Album review, Live at the 805, Alastair Greene, Rock and Blues Muse

By Dave Resto

Southern California based and world renowned blues-rock guitarist, singer and songwriter, Alastair Greene, has just released Live from the 805 through Rip Cat Records. Produced by Greene and Sean McCue, the two-disc, twenty-song set was recorded during a live performance in his native Santa Barbara, CA (area code 805) in March of 2018.

Greene is the grandson of the late jazz trumpeter Chico Alvarez, who inspired Greene to pursue a career in music. One of the many highlights of that career has been Greene’s work as lead guitarist with legendary producer, engineer and musician Alan Parsons. He’s also enjoyed great success with his own project, the Alastair Greene Band. With Live from the 805, Greene’s seventh album, he celebrates his twentieth year in the music industry.
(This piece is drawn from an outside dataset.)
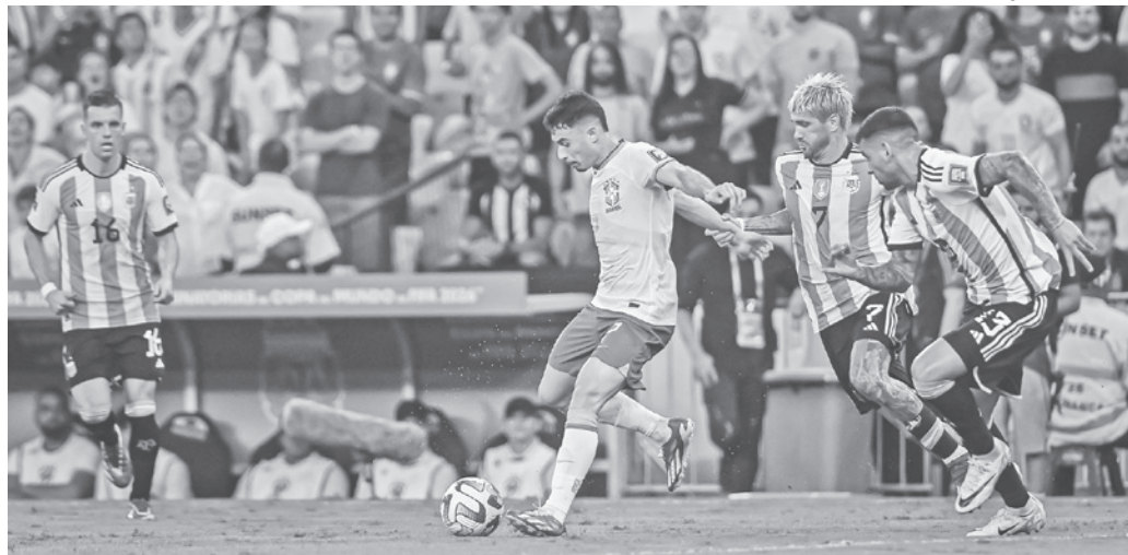
Brasil e Argentina no Maracanã, mas o futebol perdeu para a pancadaria na arquibancada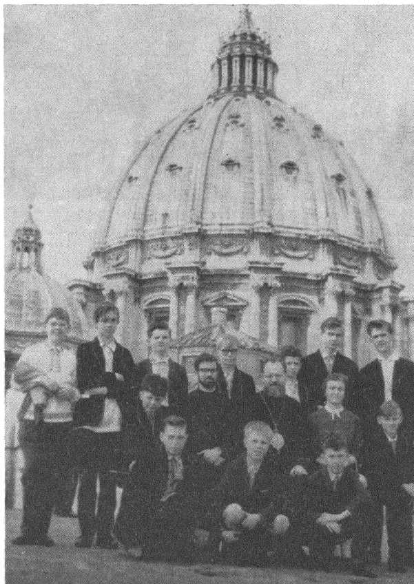
На даху базылікі сьв. Пятра

Некаторыя людзі зусім няслушна наракаюць на ангельскую восень. Трэба толькі ведаць спосабы, і яна можа стацца адной з найбольш прыемных пораў году. Найлепшы спосаб — гэта выехаць з Англіі на некаторы час ў паўднёвую Францыю або ў Італію... Гэта якраз зрабілі ў гэтым годзе вучні Школы сьв. Кірыла ў Лёндане, якія, карыстаючы з кароткіх каникулаў, правялі адзін тыдзень у Рыме. (У ангельскіх школах ёсьць заўсёды кароткі перапынак у навуцы ў палове кожнай чвэрці).

The show opens with “The Sweetest Honey” from his 2014 album Trouble Out Your Door. We hear the audience come alive with cheers and applause as Greene and his bandmates – bassist and backing harmony vocalist, Jim Rankin and drummer, Austin Beede – take the stage. With a sharp double-crack of the snare drum, they launch into the fast and furious intro/outro riff which is squarely rooted in the blues but inarguably powered by rock. As with his guitar playing, Greene’s singing likewise lives in the world he establishes on the border of both genres. From the first notes of his guitar solo, he captures the sound and feel of Eric Clapton’s performance on Cream’s “Crossroads.”

Two other songs from Trouble Out Your Door which appear on this live set, “Red Wine Woman” and “Back Where I Belong” are excellent examples of Greene’s superb finger-picking skills. He’s adept at concurrently playing while mimicking his vocal line or playing a counter melody against it. Although the finest illustration of this skill is probably “Big Bad Wolf” from 2017’s Dream Train, where he uses this technique during both the verses and the choruses.

Greene proves that he can extricate the rock element from his playing and demonstrate genuine blues chops on songs like “Three Bullets” and “Love So Strong” (each found on 2001’s A Little Wiser). Both songs are authentic blues shuffles; both feature some down and dirty blues guitar soloing.

Greene is appreciative of his band mates and other musician friends who help him to shine, and he affords them time in the spotlight as well. Jim Rankin owns the intro to “T’other Way,” where his tasteful and evenly spaced bass chording gives this song a character that is unique and separate from any other song in this collection. A reworked cover of “Big Boss Man” by Jimmy Reed gets a funky drum break coming out of the chaotic guitar solo, thanks to Austin Beede. According to Greene when describing their version of the song, “…it’s definitely more on the jam band side of things.” Chris Chalk, a long-time friend and former bandmate of Greene from years gone by, tears it up as the guest vocalist on the rocker “First Born Son.”

The last song, “Walking in Circles” is the title track from Greene’s 2009 release. Borrowing the signature riff and shuffle groove from “Dust My Broom” by Elmore James, it’s a raucous, show-stopping finale. It offers one final blast of Greene’s expert slide guitar work. Then he calls out his bandmates over the ending notes and thanks his audience.

During a live video chat on his Facebook fan page to celebrate the album’s release, Greene thanked his many loyal fans for the strong pre-release sales of Live from the 805. It’s a sure bet that those sales will continue to rise, as more people hear his music on blues radio stations or see his performance videos on the Internet and decide to hop on board the Alastair Greene blues-rock express.